TASK TO CARRY OUT -
Retype the listing exactly, with no images.

STUDY MATERIAL -
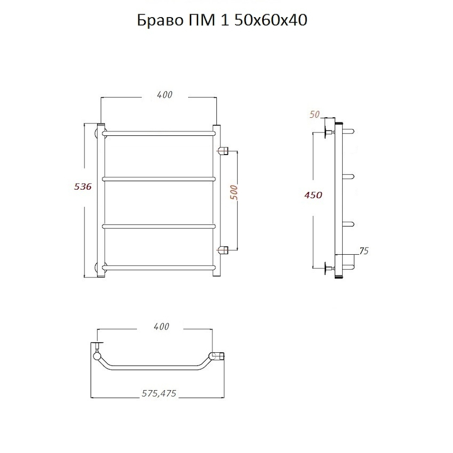 —Полотенцесушитель Тругор Браво Браво1/ПМ506040 43х60 водяной хром
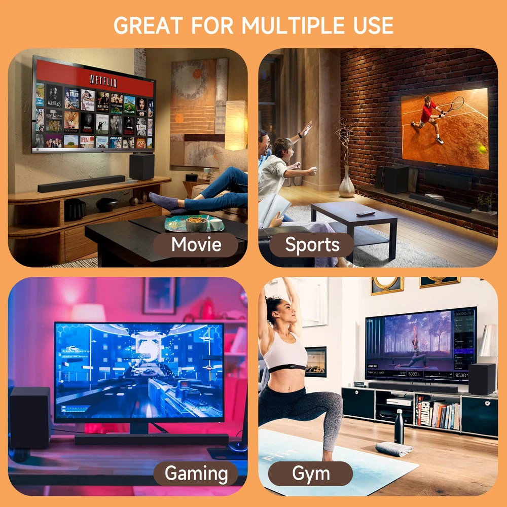 Product Description Bluetooth Subwoofer Audio BS-18E Heavy Bass Fidelity Sound Quality Home Theater Sound Blaster Echo Wall Speaker Features: 1. Bluetooth Soundbar, 2.1 Surround Sound Stereo Soundbar. 2. Professional, Multifunctional TV Soundbar, Simple design, Fashionable style, Bluetooth, HDMI, Coaxial, Optical, AUX, USB and more audio input, Passive subwoofer with high stability, to avoid delay and bring us good sense of experience. 3. Wireless bluetooth connection, Bluetooth 5.0, High stability, high-fidelity,low-latency. 4. Simple&Fashionable, Cable length 3M. 5. Stereo Surround sound. 6. Private cinema at home. 7. Easy to install, easy to use. Place On The TV Cabinet or Hang On The Wall. Wall-mounted operating instruction: ①Use suitable tools to drive the glue column into the wall. ②Use screws to fix the wall-hanging plastic part on the plastic column. ③Lock the screws to the corresponding screw holes on the back of the soundbar, and reserve about 5mm screws to protrude. ④Align the plastic parts on the wall to hang the soundbar, and pay attention to safety during the process. Specifications: Color: Black. Bluetooth Version: V5.0. Size of soundbar: 96x6x5.5 CM Weight of soundbar: 1.76 kg Size of subwoofer: 23x24x34 CM Weight of subwoofer: 3.9 kg Power source: DC 15V/3A Configuration: HF+MF+LF+ Guiding tude Package included: 1 x Speaker 1 x Subwoofer Audio 1 x Remote Control 1 x Power Cable 1 x USB Cable 1 x 3.5mm RCA Cable 1 x Audio Cable 1 x English User Manual About Us Shipping Terms Returns Contact Us About Item All items sold by us are being described to the best of our abilities, as accurate as possible, and with utmost conscientiousness on our part. However, to avoid any potential oversights, I respectfully request your assistance in helping us to make this a mutually satisfactory transaction by THOROUGHLY reviewing item description and photos, and asking all questions PRIOR TO BIDDING. Customer Satisfactory 1.We back our commitment with superb service, 100% full money back and a customer satisfaction guarantee. 2.I am here and ready to assist you with any questions or concerns you might have before or after the purchase. 3.My goal is to make sure you are a happy customer and pleasant shopping with us. Feedback If you are satisfied with the purchase and our total service, your comment is very important in our business success. Please take a minute to leave us a positive feedback with an overall Detailed Selling Rating (DSR) of 5. Our eBay account setup auto feedback, so eBay system gives you automatically Positive feedback back after your positive feedback left. IF YOU PLAN TO GIVE US A NEUTRAL/NEGATIVE FEEDBACK OR OPEN EBAY/PAYPAL CASE, PLEASE WRITE TO US IMMEDIATELY SO THAT WE CAN DO OUR BEST TO RESOLVE YOUR PROBLEM. United States Buyers Same business day free shipping within United States All orders will be shipped through USPS First Class, UPS and Fedex depends on the weight of the items. Shipping Time Usually ,Parcel will be delivered 2-5 working day include Handling time. Sometimes shiping time may has a little delay, such as Bad wether,Holidays We stand behind everything that we sell and will do everything possible to assure you are satisfied. When you receive your purchase if you are not 100% satisfied, please sent me ebay message and we will do our best to make you happy. If you still want to return your purchase, simply ship the item(s) back to us and we will refund your original purchase price and the original shipping charge. Buyers are responsible for the postal cost of returning the items. We must be notified of the intent to return your item within 30 days of receiving the item. Items returned must be in the same condition that they were received. How to return 1,Please ask us for return address . 2,Shipping back the package . The RMA#(Return Merchant Authorization Number = Your ebay ID) must be clearly written on the return package ,Otherwise the package will be refused. 3,Sent us the return tracking number. 4,All returns will be inspected prior to a credit being issued. 1:Returns are accepted within 60 days of purchase. 2:All returned items MUST BE in the original packaging. 3:We will be happy to assist you if if any item needs to be returned or replaced 4:Please don't open a return request before contacting us first to solve, many thanks. Sent ebay message in English If you have any questions, our Customer Service staffs welcome you to sent me ebay message. We strive to answer all questions and resolve any problems as quickly as possible. Business Hours: Monday-Saturday 9:00-17:00 About Us About Item All items sold by us are being described to the best of our abilities, as accurate as possible, and with utmost conscientiousness on our part. However, to avoid any potential oversights, I respectfully request your assistance in helping us to make this a mutually satisfactory transaction by THOROUGHLY reviewing item description and photos, and asking all questions PRIOR TO BIDDING. Customer Satisfactory 1.We back our commitment with superb service, 100% full money back and a customer satisfaction guarantee. 2.I am here and ready to assist you with any questions or concerns you might have before or after the purchase. 3.My goal is to make sure you are a happy customer and pleasant shopping with us. Feedback If you are satisfied with the purchase and our total service, your comment is very important in our business success. Please take a minute to leave us a positive feedback with an overall Detailed Selling Rating (DSR) of 5. Our eBay account setup auto feedback, so eBay system gives you automatically Positive feedback back after your positive feedback left. IF YOU PLAN TO GIVE US A NEUTRAL/NEGATIVE FEEDBACK OR OPEN EBAY/PAYPAL CASE, PLEASE WRITE TO US IMMEDIATELY SO THAT WE CAN DO OUR BEST TO RESOLVE YOUR PROBLEM. Shipping United States Buyers Same business day free shipping within United States All orders will be shipped through USPS First Class, UPS and
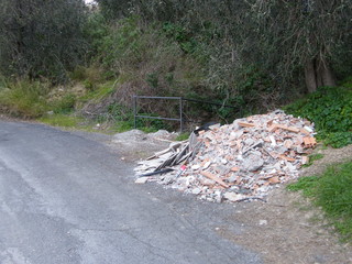 "Allego 2 fotografie scattate alcuni giorni fa tra l'abitato di Artallo (entroterra di Porto Maurizio) e la frazione di Massabovi. Si tratta di diversi metri cubi di materiale edile (mattoni, piastrelle, parti di sanitari, plastica, ecc.) scaricati in pieno giorno, da qualche imbecille anonimo, a bordo della strada definita 'panoramica'. Chi provvederà alla pulizia?"
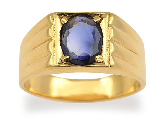 The oval cut sapphire of 4.97cts, mounted in 22ct gold, ring size U.
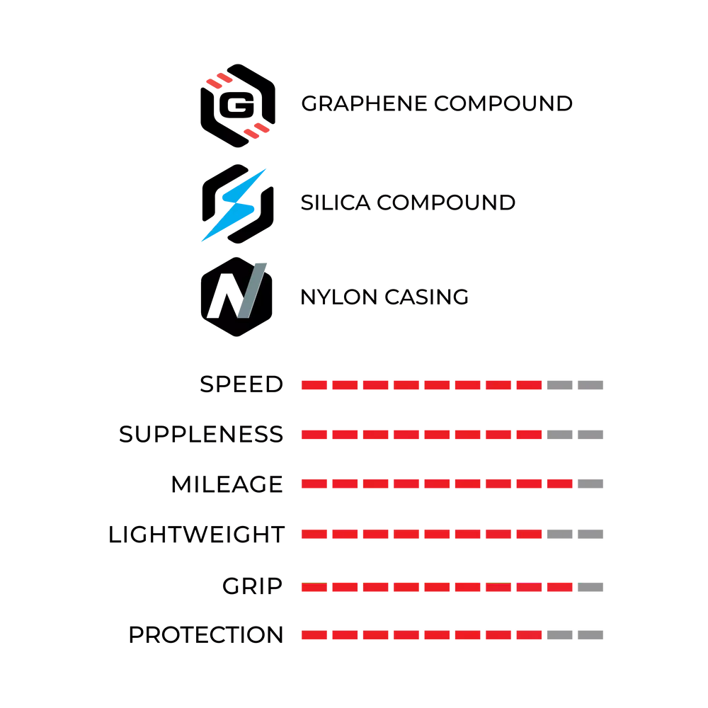 Starting with our supple yet durable 100 TPI nylon casing, and adding a proprietary mix of 2 different Graphene compounds plus Silica. The new Corsa N.EXT achieves racing inspired speed and feel, with the everyday durability of nylon construction. Nylon casing provides durability, for daily racers who want to raise the bar of their performance relying on a long-lasting tire.
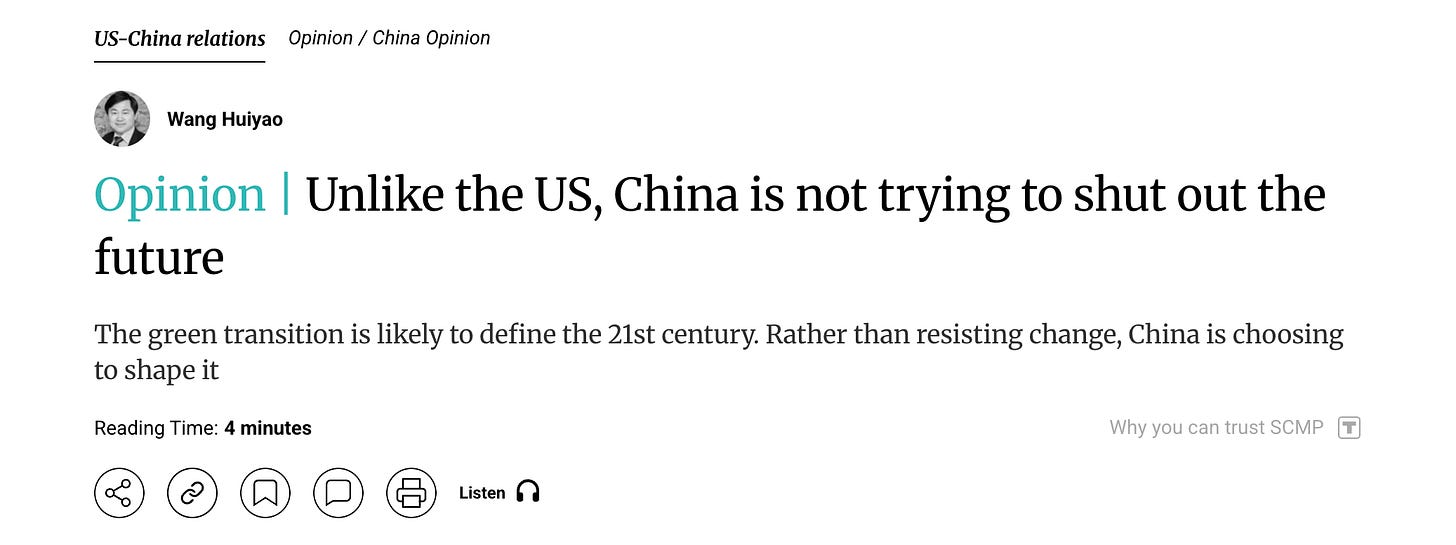 The CCG President writes in the South China Morning Post that the green transition is likely to define the 21st century; rather than resisting change, China is choosing to shape it.
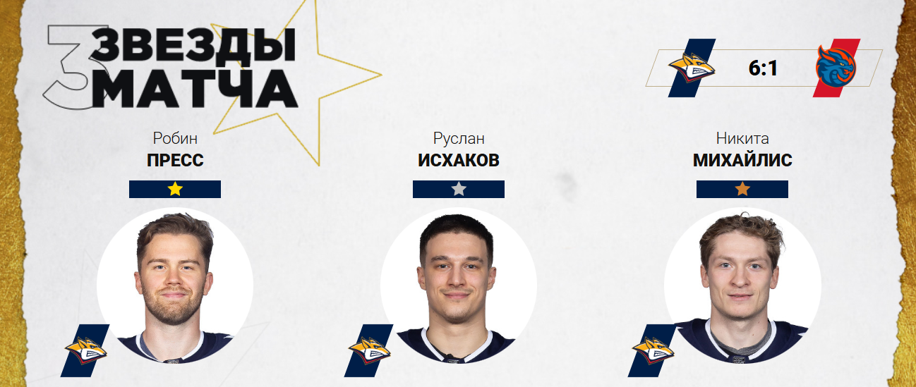 Форвард магнитогорской команды и сборной Казахстана Никита Михайлис отметился заброшенной шайбой и результативной передачей и был признан третьей звездой встречи.
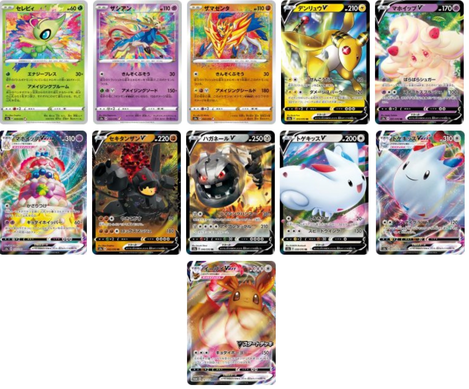 69 (54 normal, 15 secret) this set is an expansion set of the pokmon sun & moon saga. In s4a shiny star v, black & gold ur cards of zacian v, zamazenta v, eternatus v and eternatus vmax were introduced. These are cards that are part of the legendary heartbeat subset.

RESPONSE TO THE EXERCISE -
 —Полотенцесушитель Тругор Браво Браво1/ПМ506040 43х60 водяной хром
 Product Description Bluetooth Subwoofer Audio BS-18E Heavy Bass Fidelity Sound Quality Home Theater Sound Blaster Echo Wall Speaker Features: 1. Bluetooth Soundbar, 2.1 Surround Sound Stereo Soundbar. 2. Professional, Multifunctional TV Soundbar, Simple design, Fashionable style, Bluetooth, HDMI, Coaxial, Optical, AUX, USB and more audio input, Passive subwoofer with high stability, to avoid delay and bring us good sense of experience. 3. Wireless bluetooth connection, Bluetooth 5.0, High stability, high-fidelity,low-latency. 4. Simple&Fashionable, Cable length 3M. 5. Stereo Surround sound. 6. Private cinema at home. 7. Easy to install, easy to use. Place On The TV Cabinet or Hang On The Wall. Wall-mounted operating instruction: ①Use suitable tools to drive the glue column into the wall. ②Use screws to fix the wall-hanging plastic part on the plastic column. ③Lock the screws to the corresponding screw holes on the back of the soundbar, and reserve about 5mm screws to protrude. ④Align the plastic parts on the wall to hang the soundbar, and pay attention to safety during the process. Specifications: Color: Black. Bluetooth Version: V5.0. Size of soundbar: 96x6x5.5 CM Weight of soundbar: 1.76 kg Size of subwoofer: 23x24x34 CM Weight of subwoofer: 3.9 kg Power source: DC 15V/3A Configuration: HF+MF+LF+ Guiding tude Package included: 1 x Speaker 1 x Subwoofer Audio 1 x Remote Control 1 x Power Cable 1 x USB Cable 1 x 3.5mm RCA Cable 1 x Audio Cable 1 x English User Manual About Us Shipping Terms Returns Contact Us About Item All items sold by us are being described to the best of our abilities, as accurate as possible, and with utmost conscientiousness on our part. However, to avoid any potential oversights, I respectfully request your assistance in helping us to make this a mutually satisfactory transaction by THOROUGHLY reviewing item description and photos, and asking all questions PRIOR TO BIDDING. Customer Satisfactory 1.We back our commitment with superb service, 100% full money back and a customer satisfaction guarantee. 2.I am here and ready to assist you with any questions or concerns you might have before or after the purchase. 3.My goal is to make sure you are a happy customer and pleasant shopping with us. Feedback If you are satisfied with the purchase and our total service, your comment is very important in our business success. Please take a minute to leave us a positive feedback with an overall Detailed Selling Rating (DSR) of 5. Our eBay account setup auto feedback, so eBay system gives you automatically Positive feedback back after your positive feedback left. IF YOU PLAN TO GIVE US A NEUTRAL/NEGATIVE FEEDBACK OR OPEN EBAY/PAYPAL CASE, PLEASE WRITE TO US IMMEDIATELY SO THAT WE CAN DO OUR BEST TO RESOLVE YOUR PROBLEM. United States Buyers Same business day free shipping within United States All orders will be shipped through USPS First Class, UPS and Fedex depends on the weight of the items. Shipping Time Usually ,Parcel will be delivered 2-5 working day include Handling time. Sometimes shiping time may has a little delay, such as Bad wether,Holidays We stand behind everything that we sell and will do everything possible to assure you are satisfied. When you receive your purchase if you are not 100% satisfied, please sent me ebay message and we will do our best to make you happy. If you still want to return your purchase, simply ship the item(s) back to us and we will refund your original purchase price and the original shipping charge. Buyers are responsible for the postal cost of returning the items. We must be notified of the intent to return your item within 30 days of receiving the item. Items returned must be in the same condition that they were received. How to return 1,Please ask us for return address . 2,Shipping back the package . The RMA#(Return Merchant Authorization Number = Your ebay ID) must be clearly written on the return package ,Otherwise the package will be refused. 3,Sent us the return tracking number. 4,All returns will be inspected prior to a credit being issued. 1:Returns are accepted within 60 days of purchase. 2:All returned items MUST BE in the original packaging. 3:We will be happy to assist you if if any item needs to be returned or replaced 4:Please don't open a return request before contacting us first to solve, many thanks. Sent ebay message in English If you have any questions, our Customer Service staffs welcome you to sent me ebay message. We strive to answer all questions and resolve any problems as quickly as possible. Business Hours: Monday-Saturday 9:00-17:00 About Us About Item All items sold by us are being described to the best of our abilities, as accurate as possible, and with utmost conscientiousness on our part. However, to avoid any potential oversights, I respectfully request your assistance in helping us to make this a mutually satisfactory transaction by THOROUGHLY reviewing item description and photos, and asking all questions PRIOR TO BIDDING. Customer Satisfactory 1.We back our commitment with superb service, 100% full money back and a customer satisfaction guarantee. 2.I am here and ready to assist you with any questions or concerns you might have before or after the purchase. 3.My goal is to make sure you are a happy customer and pleasant shopping with us. Feedback If you are satisfied with the purchase and our total service, your comment is very important in our business success. Please take a minute to leave us a positive feedback with an overall Detailed Selling Rating (DSR) of 5. Our eBay account setup auto feedback, so eBay system gives you automatically Positive feedback back after your positive feedback left. IF YOU PLAN TO GIVE US A NEUTRAL/NEGATIVE FEEDBACK OR OPEN EBAY/PAYPAL CASE, PLEASE WRITE TO US IMMEDIATELY SO THAT WE CAN DO OUR BEST TO RESOLVE YOUR PROBLEM. Shipping United States Buyers Same business day free shipping within United States All orders will be shipped through USPS First Class, UPS and
 "Allego 2 fotografie scattate alcuni giorni fa tra l'abitato di Artallo (entroterra di Porto Maurizio) e la frazione di Massabovi. Si tratta di diversi metri cubi di materiale edile (mattoni, piastrelle, parti di sanitari, plastica, ecc.) scaricati in pieno giorno, da qualche imbecille anonimo, a bordo della strada definita 'panoramica'. Chi provvederà alla pulizia?"
 The oval cut sapphire of 4.97cts, mounted in 22ct gold, ring size U.
 Starting with our supple yet durable 100 TPI nylon casing, and adding a proprietary mix of 2 different Graphene compounds plus Silica. The new Corsa N.EXT achieves racing inspired speed and feel, with the everyday durability of nylon construction. Nylon casing provides durability, for daily racers who want to raise the bar of their performance relying on a long-lasting tire.
 The CCG President writes in the South China Morning Post that the green transition is likely to define the 21st century; rather than resisting change, China is choosing to shape it.
 Форвард магнитогорской команды и сборной Казахстана Никита Михайлис отметился заброшенной шайбой и результативной передачей и был признан третьей звездой встречи.
 69 (54 normal, 15 secret) this set is an expansion set of the pokmon sun & moon saga. In s4a shiny star v, black & gold ur cards of zacian v, zamazenta v, eternatus v and eternatus vmax were introduced. These are cards that are part of the legendary heartbeat subset.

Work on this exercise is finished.